This book introduces the reader to relativity, symmetry and space-time through Feynman’s eyes. He discusses features of our universe with engaging analogies, like how to distinguish right from left (which is a tricky business). Or why we have time dilation from gravity. However, I’d argue that there are better books introducing audiences to these topics nowadays, like black holes and time warps by Kip S. Thorne.

Symmetry and conservation laws

“For each of the rules of symmetry there is a corresponding conservation law”, in quantum mechanics. For example, that laws are symmetrical for…

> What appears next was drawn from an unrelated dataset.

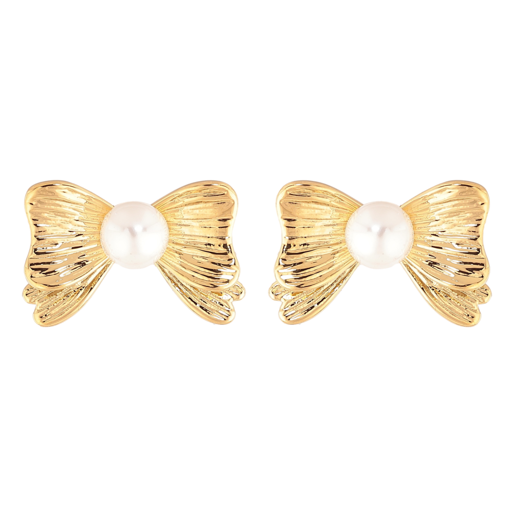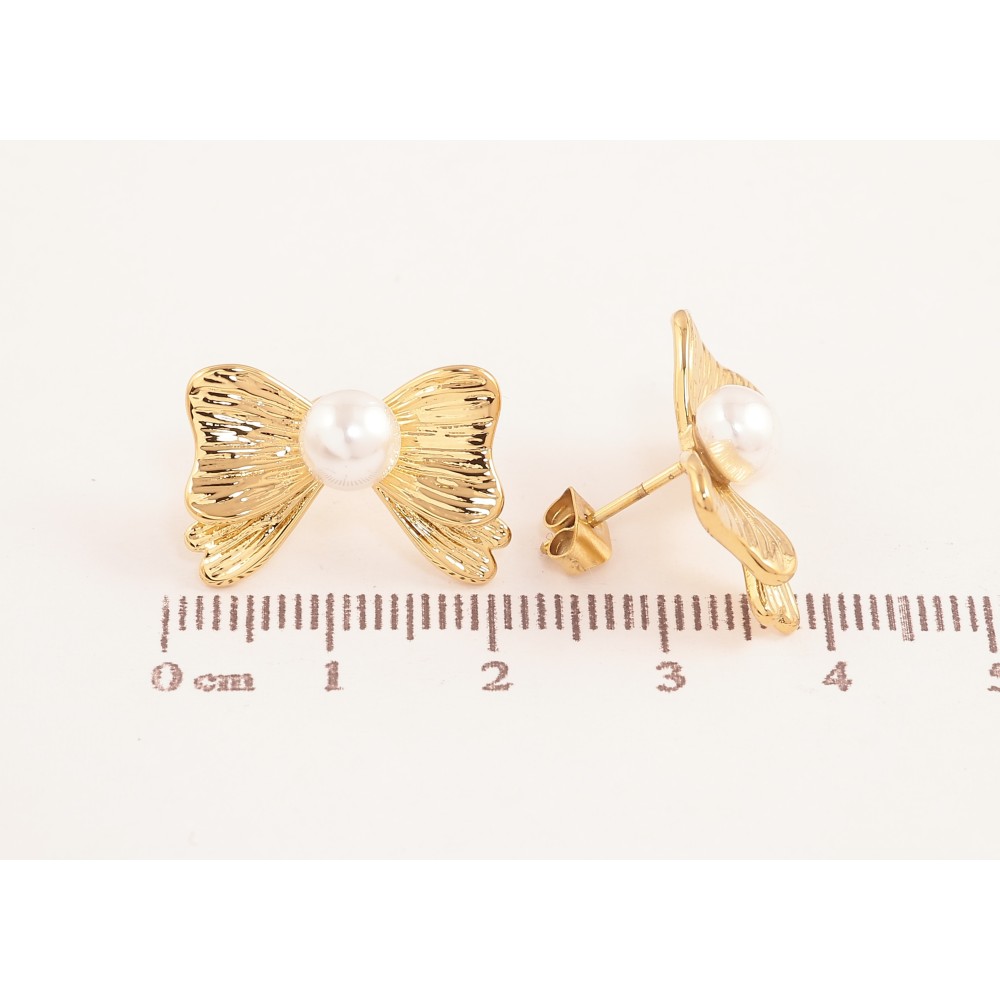 Сережки Нержавіюча сталь пусети "Банти з перлинами" фото №1
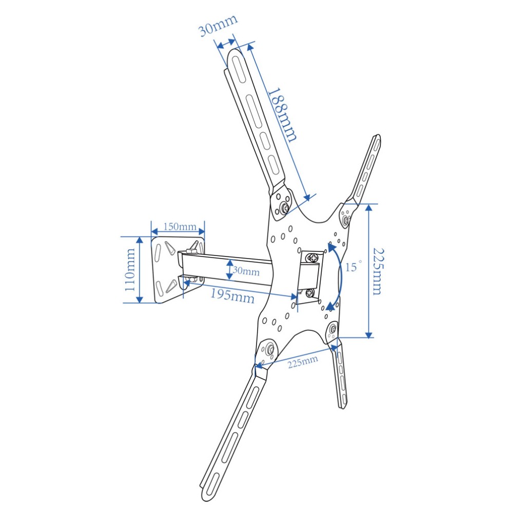Esperanza TV-Wall Mount 007 ERW007 for 26-70", Max load 30kg, Vesa 75x75-400x400mm, Distance of TV from wall: 110-465mm, Tilt adjustment up to 15°, Ho

• translation in space = momentum is conserved
• translation in time = energy is conserved
• invariance under rotation = angular momentum is conserved
• phase shift of the wave function = electrical charge is conserved

And some are bizarre, like reflection symmetry which leads to the conservation of parity (no classical analog). However, this conservation is not conserved in matter alone. There are ways in which reflection symmetry is broken, like beta (or weak) decay. It is only with the introduction of anti-matter that the reflection symmetry is restored - and so, we say that parity is conserved under reflection and matter/antimatter symmetry. That is, “matter to the right is symmetrical with anti-matter to the left”.

Bookmarked ideas

• If we have a particle of rest mass zero, it cannot stop. It always goes the speed c, as in the case of light. Photons have energy, without mass, by perpetually going the speed of light. [This is similar to how any object with rest mass non-zero cannot go the speed of light, without having an infinite amount of energy. Light has finite energy, with zero mass, yet always travels at the speed of light.]
• One way to think of gravitational time dilation is to picture an accelerating rocket ship with a clock at the front, and back. The clock at the front will appear to run faster than the clock at the tail due to the doppler shift of light travelling between the two clocks. And since an accelerating spaceship is the same thing as earth’s gravity (equivalence principle), we can say that blocks separated by some height H will run at different speeds! The further one runs faster than the one closer to the gravitational source. Hence, gravitational time dilation.
• Light gains energy as it falls towards earth, and loses some as it leaves. This is true due to the conservation of energy!

3/5.